Source data Block Start

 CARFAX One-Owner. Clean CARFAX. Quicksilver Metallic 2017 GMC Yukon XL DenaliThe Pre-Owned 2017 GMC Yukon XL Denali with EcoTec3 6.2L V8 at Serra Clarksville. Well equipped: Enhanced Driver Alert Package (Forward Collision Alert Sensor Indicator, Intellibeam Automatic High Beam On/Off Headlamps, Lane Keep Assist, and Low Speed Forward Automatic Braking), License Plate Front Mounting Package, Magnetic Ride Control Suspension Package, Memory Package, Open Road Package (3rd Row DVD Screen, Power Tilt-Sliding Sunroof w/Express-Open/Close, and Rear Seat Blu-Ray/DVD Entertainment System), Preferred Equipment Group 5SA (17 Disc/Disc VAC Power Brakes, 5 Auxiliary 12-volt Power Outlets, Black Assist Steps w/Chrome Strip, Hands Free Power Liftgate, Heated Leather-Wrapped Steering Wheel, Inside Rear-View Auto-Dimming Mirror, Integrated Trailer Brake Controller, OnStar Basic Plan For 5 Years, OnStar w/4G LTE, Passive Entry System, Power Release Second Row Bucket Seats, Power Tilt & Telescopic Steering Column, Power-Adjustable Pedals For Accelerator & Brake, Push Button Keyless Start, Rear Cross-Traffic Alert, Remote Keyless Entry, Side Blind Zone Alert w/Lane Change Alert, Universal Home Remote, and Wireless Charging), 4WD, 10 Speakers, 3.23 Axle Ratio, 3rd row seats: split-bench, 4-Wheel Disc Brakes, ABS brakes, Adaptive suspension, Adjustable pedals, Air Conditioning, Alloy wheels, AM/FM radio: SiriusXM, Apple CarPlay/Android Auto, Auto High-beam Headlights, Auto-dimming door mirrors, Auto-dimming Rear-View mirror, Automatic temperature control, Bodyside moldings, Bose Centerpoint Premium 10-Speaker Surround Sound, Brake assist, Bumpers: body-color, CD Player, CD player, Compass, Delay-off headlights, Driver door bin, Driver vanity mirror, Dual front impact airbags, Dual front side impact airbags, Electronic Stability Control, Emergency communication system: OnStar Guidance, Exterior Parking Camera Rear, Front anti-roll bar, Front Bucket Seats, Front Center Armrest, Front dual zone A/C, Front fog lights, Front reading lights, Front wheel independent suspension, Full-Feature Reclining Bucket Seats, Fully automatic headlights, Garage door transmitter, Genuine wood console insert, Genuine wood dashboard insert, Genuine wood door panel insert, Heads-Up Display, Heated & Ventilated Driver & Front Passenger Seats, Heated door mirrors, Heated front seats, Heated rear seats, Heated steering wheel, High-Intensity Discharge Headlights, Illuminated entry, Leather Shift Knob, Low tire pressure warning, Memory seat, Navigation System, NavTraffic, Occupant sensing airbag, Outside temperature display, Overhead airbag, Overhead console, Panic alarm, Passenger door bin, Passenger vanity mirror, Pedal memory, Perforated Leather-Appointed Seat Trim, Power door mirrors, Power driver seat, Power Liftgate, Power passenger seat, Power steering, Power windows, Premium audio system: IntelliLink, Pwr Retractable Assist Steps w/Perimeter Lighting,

Source data Block End
Source data Block Start

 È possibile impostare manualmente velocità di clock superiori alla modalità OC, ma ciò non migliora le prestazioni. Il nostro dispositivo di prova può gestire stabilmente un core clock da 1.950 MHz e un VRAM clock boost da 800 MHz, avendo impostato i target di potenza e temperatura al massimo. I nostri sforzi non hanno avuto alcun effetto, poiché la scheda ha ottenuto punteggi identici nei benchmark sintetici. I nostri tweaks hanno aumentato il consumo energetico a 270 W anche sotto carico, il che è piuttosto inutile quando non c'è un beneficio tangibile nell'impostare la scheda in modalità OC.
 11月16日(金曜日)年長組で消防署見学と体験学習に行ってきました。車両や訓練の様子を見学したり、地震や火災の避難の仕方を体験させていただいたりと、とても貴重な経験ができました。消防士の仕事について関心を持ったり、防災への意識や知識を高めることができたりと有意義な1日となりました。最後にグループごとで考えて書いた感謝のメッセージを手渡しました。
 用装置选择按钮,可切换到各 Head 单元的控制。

Source data Block End
Source data Block Start

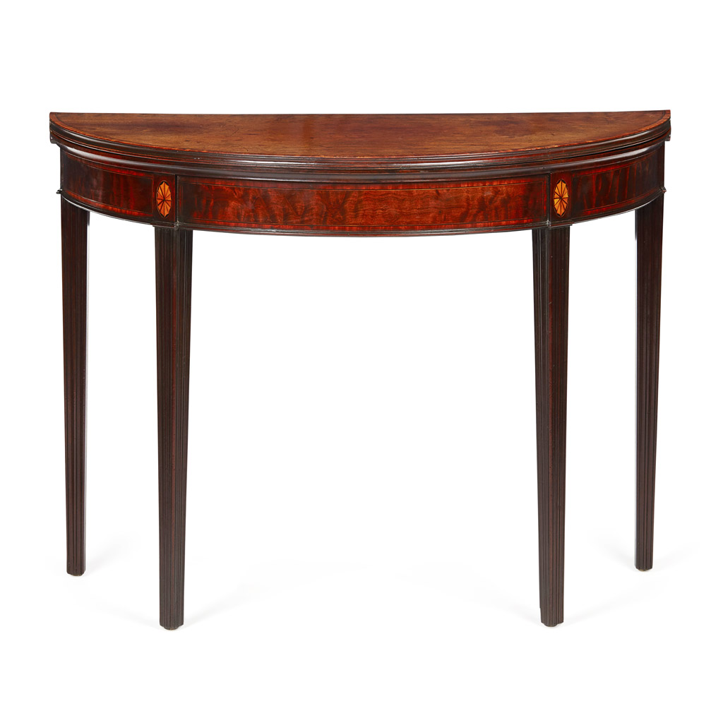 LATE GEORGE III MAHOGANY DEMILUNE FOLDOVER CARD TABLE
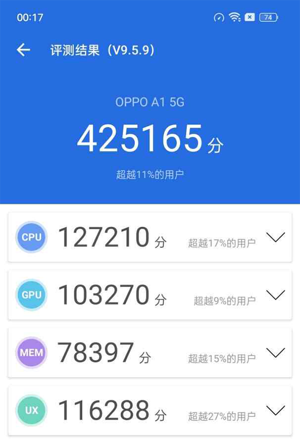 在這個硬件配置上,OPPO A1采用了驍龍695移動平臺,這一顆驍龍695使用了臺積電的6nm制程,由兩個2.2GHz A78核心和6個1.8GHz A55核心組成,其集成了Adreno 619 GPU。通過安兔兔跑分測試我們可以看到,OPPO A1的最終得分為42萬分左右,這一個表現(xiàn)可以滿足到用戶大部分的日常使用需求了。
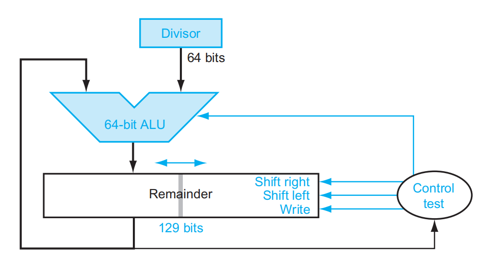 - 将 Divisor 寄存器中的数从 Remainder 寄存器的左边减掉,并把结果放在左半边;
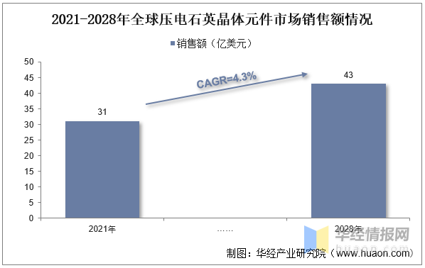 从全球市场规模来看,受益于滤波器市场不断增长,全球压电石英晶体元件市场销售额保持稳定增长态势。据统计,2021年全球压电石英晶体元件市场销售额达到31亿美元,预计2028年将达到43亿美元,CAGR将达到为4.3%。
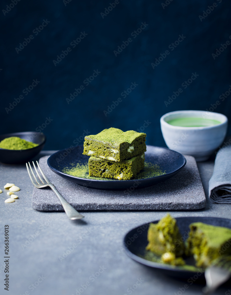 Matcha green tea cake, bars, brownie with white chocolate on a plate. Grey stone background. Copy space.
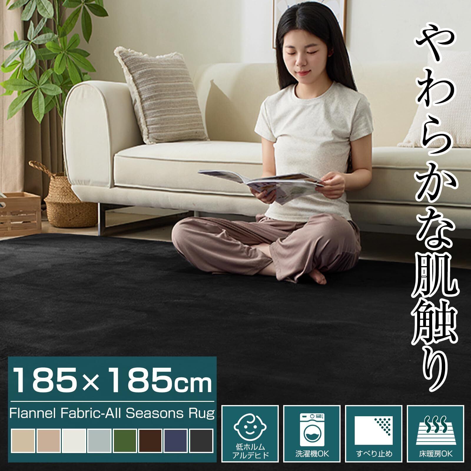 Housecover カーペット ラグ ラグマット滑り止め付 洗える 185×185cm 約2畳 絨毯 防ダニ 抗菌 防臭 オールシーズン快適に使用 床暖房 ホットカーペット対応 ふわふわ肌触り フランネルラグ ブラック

Source data Block End

#### Goal of the exercise
The lines above from the line with "A78核心和6個1.8GHz A55核心組成,其集成了Adreno 619" through the line with "Housecover カーペット ラグ" are to be given again word for word, with no pictures among them.

#### Response
 在這個硬件配置上,OPPO A1采用了驍龍695移動平臺,這一顆驍龍695使用了臺積電的6nm制程,由兩個2.2GHz A78核心和6個1.8GHz A55核心組成,其集成了Adreno 619 GPU。通過安兔兔跑分測試我們可以看到,OPPO A1的最終得分為42萬分左右,這一個表現(xiàn)可以滿足到用戶大部分的日常使用需求了。
 - 将 Divisor 寄存器中的数从 Remainder 寄存器的左边减掉,并把结果放在左半边;
 从全球市场规模来看,受益于滤波器市场不断增长,全球压电石英晶体元件市场销售额保持稳定增长态势。据统计,2021年全球压电石英晶体元件市场销售额达到31亿美元,预计2028年将达到43亿美元,CAGR将达到为4.3%。
 Matcha green tea cake, bars, brownie with white chocolate on a plate. Grey stone background. Copy space.
 Housecover カーペット ラグ ラグマット滑り止め付 洗える 185×185cm 約2畳 絨毯 防ダニ 抗菌 防臭 オールシーズン快適に使用 床暖房 ホットカーペット対応 ふわふわ肌触り フランネルラグ ブラック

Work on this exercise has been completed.